The next adviser is Logic, a swearing old justice of peace, quorum, and rotulorum, whose excesses brought on such a fit of the gout that for many years he was unable to move. He is now mending, and his friends say he has sown his wild oats. He has some influence with the educated subjects of Custom, and will have more, if he can learn the line at which interference ought to stop: with them he has succeeded in making an affirmative of two negatives; but the vulgar won't never have nothing to say to him. He has always railed at Milton for writing that Eve was the fairest of her daughters; but has never satisfactorily shown what Milton ought to have said instead.

The third adviser has more influence with the mass of the subjects of King Custom than the other two put together; his name is Fiddlefaddle, the toy-shop keeper; and the other two put him forward to do their worst work. In return, he often uses their names without authority. He took Etymology to witness that means to an end must be plural: and he would have any one method to be a mean. But Etymology proved him wrong, King Custom referred him to his Catechism, in which is "a means whereby we receive the same," and Analogy—a subordinate of {326} Etymology—asked whether he thought it a great new to hear that he was wrong. It was either this Fiddlefaddle, or Lindley Murray[608] his traveler, who persuaded the Miss Slipslops, of the Ladies Seminary, to put "The Misses Slipslop" over the gate. Sixty years ago, this bagman called at all the girls' schools, and got many of the teachers to insist on the pupils saying "Is it not" and "Can I not" for "Isn't it" and "Can't I": of which it came that the poor girls were dreadfully laughed at by their irreverent brothers when they went home for the holidays. Had this bad adviser not been severely checked, he might by this time have proposed our saying "The Queen's of England son," declaring, in the name of Logic, that the prince was the Queen's son, not England's.
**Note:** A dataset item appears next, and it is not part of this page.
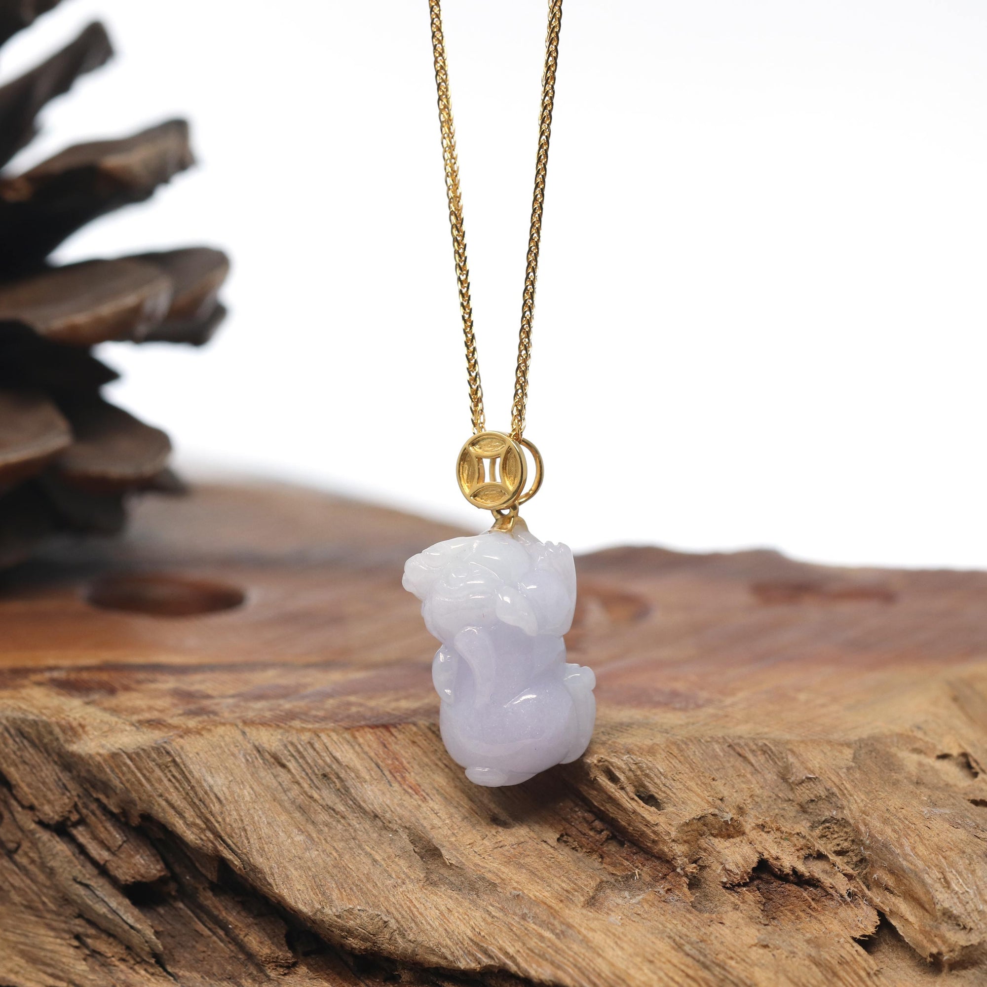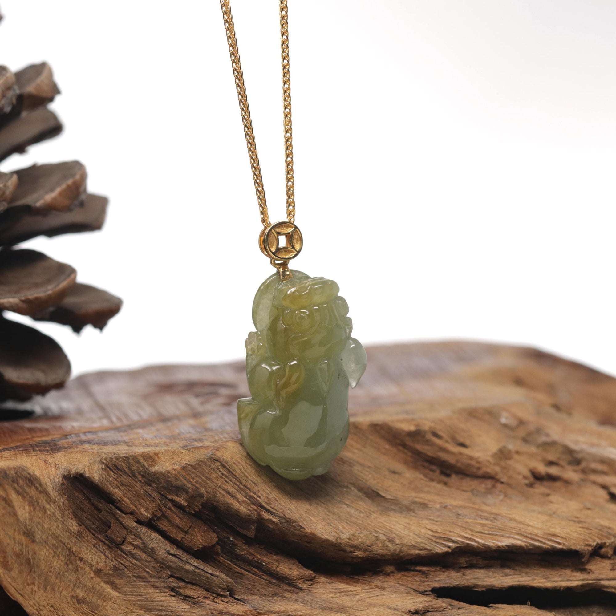 Genuine Burmese Lavender-Green Jadeite Jade PiXiu Pendant Necklace With 14K Gold Bail

Lastly, there is Typography the metallurgist, an executive officer who is always at work in secret, and whose lawless mode of advising is often done by carrying his notions into effect without leave given. He it is who never ceases suggesting that the same word is not to occur in a second place within sight of the first. When the Authorized Version was first printed, he began this trick at the passage, "Let there be light, and there was light;" he drew a line on the proof under the second light, and wrote "luminosity?" opposite. He is strongest in the punctuations and other signs; he has a pepper-box full of commas always by his side. He puts everything under marks of quotation which he has ever heard before. An earnest preacher, in a very moving sermon, used the phrase Alas! and alack a day! Typography stuck up the inverted commas because he had read the old Anglo-Indian toast, "A lass and a lac a day!" If any one should have the sense to leave out of his Greek {327} the unmeaning scratches which they call accents, he goes to a lexicon and puts them in. He is powerful in routine; but when two routines interlace or overlap, he frequently takes the wrong one.

Subject to bad advice, and sometimes misled for a season, King Custom goes on his quiet way and is sure to be right at last.

"Treason does never prosper: what's the reason? Why, when it prospers, none dare call it treason."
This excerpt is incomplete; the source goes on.